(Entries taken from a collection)
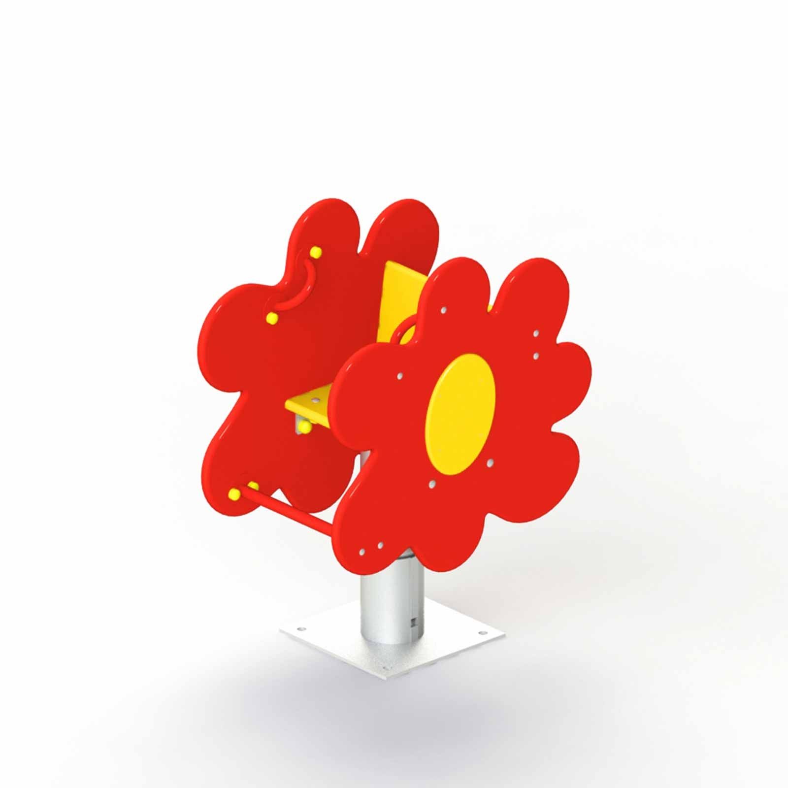 Качалка на виброустойчивой пружине(d 26 мм), оснащена боковыми панелями в виде цветка. Фанерное посадочное место дополнено спинкой. Чтобы держаться, есть 2 поручня и опора из трубы. Конструкция усилена перекладиной жесткости.
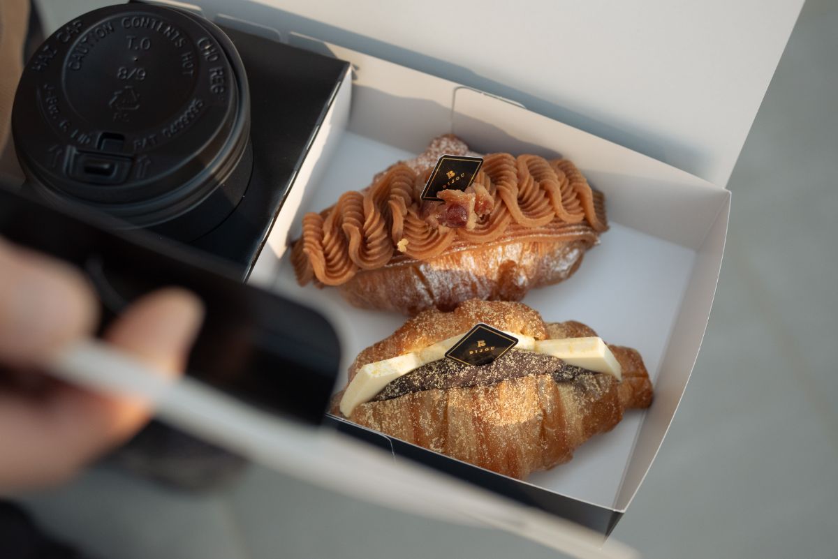 単品での購入はもちろん、クロワッサンド2つとドリンクのセットもあります。モノトーンの箱が可愛い「ごほうびBAG」は、数量限定のお得なセット。あらかじめ指定されたメニューの中から、好きなものをセレクトするスタイルです。
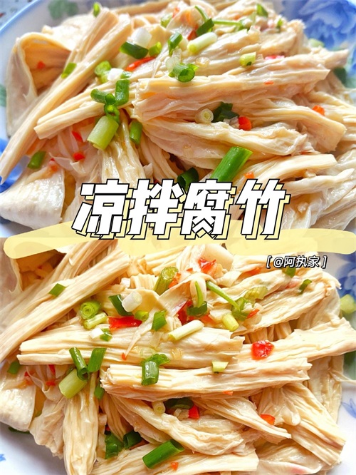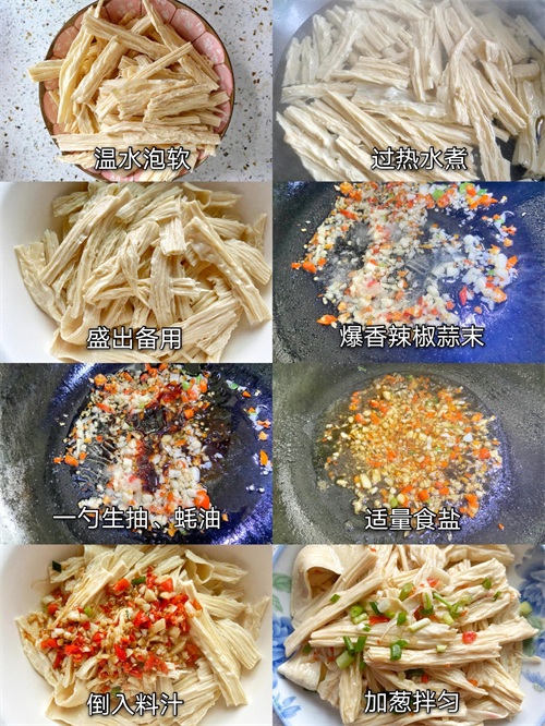 ️腐竹提前用温水泡软,过热水煮15~30秒钟。别煮多了哈,煮太软就不好吃了。️调下料汁:热油中加入辣椒、蒜末、一勺盐、一勺生抽、一勺蚝油炒香出锅
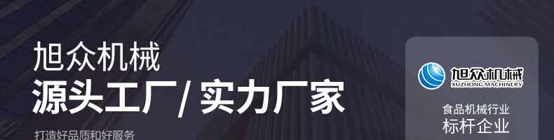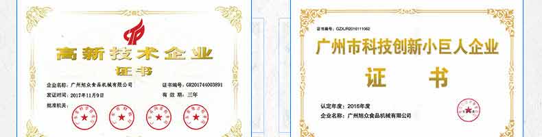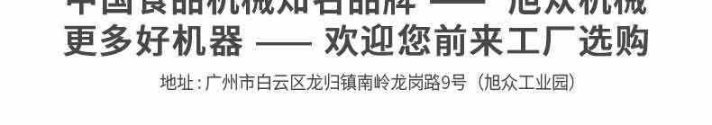 廣州旭眾食品機械有限公司是一家集科研開發(fā),生產(chǎn)設計,營銷服務為一體的現(xiàn)代化生產(chǎn)企業(yè)。現(xiàn)代化生產(chǎn)車間,精湛制造技術,所產(chǎn)機械歷經(jīng)市場重重考驗,不斷贏得海內(nèi)外客戶的贊譽。
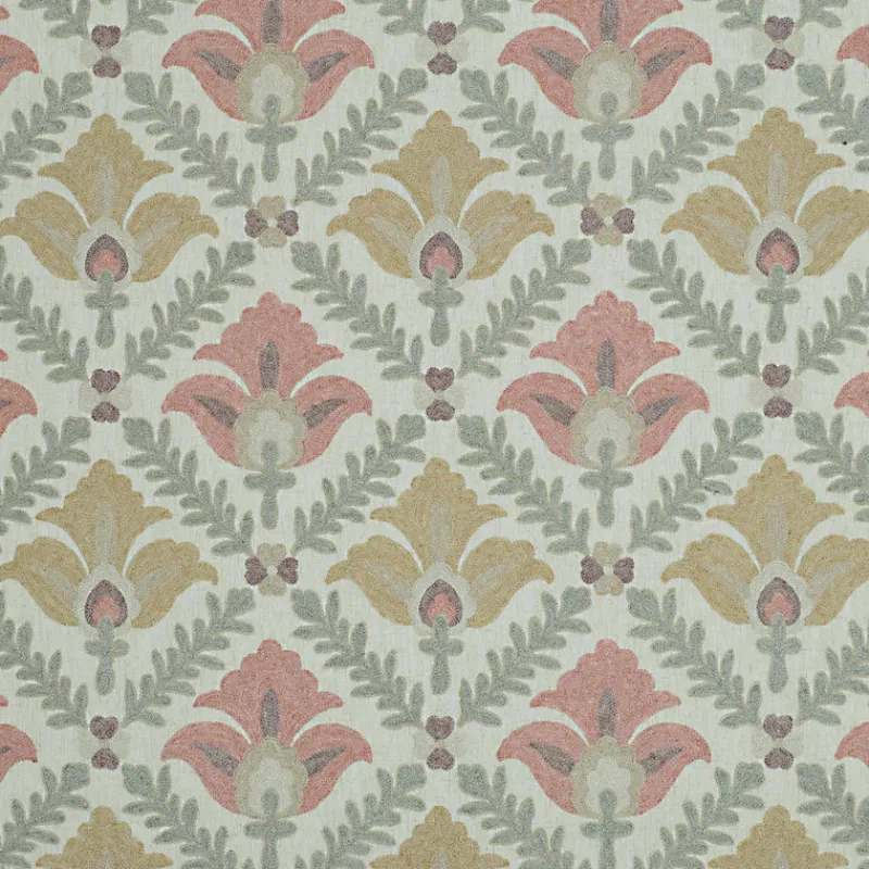 Add a pop of color and whimsy to any room with Angeline Berry P/Kaufmann Fabric. This playful fabric features an embroidered crewel design in delightful shades of pale pink, yellow, and green, creating a charming floral pattern. Enhance your home decor with this unique and vibrant fabric!

## Prompt
Leave the pictures out and reproduce every record above exactly.

## Task response
 Качалка на виброустойчивой пружине(d 26 мм), оснащена боковыми панелями в виде цветка. Фанерное посадочное место дополнено спинкой. Чтобы держаться, есть 2 поручня и опора из трубы. Конструкция усилена перекладиной жесткости.
 単品での購入はもちろん、クロワッサンド2つとドリンクのセットもあります。モノトーンの箱が可愛い「ごほうびBAG」は、数量限定のお得なセット。あらかじめ指定されたメニューの中から、好きなものをセレクトするスタイルです。
 ️腐竹提前用温水泡软,过热水煮15~30秒钟。别煮多了哈,煮太软就不好吃了。️调下料汁:热油中加入辣椒、蒜末、一勺盐、一勺生抽、一勺蚝油炒香出锅
 廣州旭眾食品機械有限公司是一家集科研開發(fā),生產(chǎn)設計,營銷服務為一體的現(xiàn)代化生產(chǎn)企業(yè)。現(xiàn)代化生產(chǎn)車間,精湛制造技術,所產(chǎn)機械歷經(jīng)市場重重考驗,不斷贏得海內(nèi)外客戶的贊譽。
 Add a pop of color and whimsy to any room with Angeline Berry P/Kaufmann Fabric. This playful fabric features an embroidered crewel design in delightful shades of pale pink, yellow, and green, creating a charming floral pattern. Enhance your home decor with this unique and vibrant fabric!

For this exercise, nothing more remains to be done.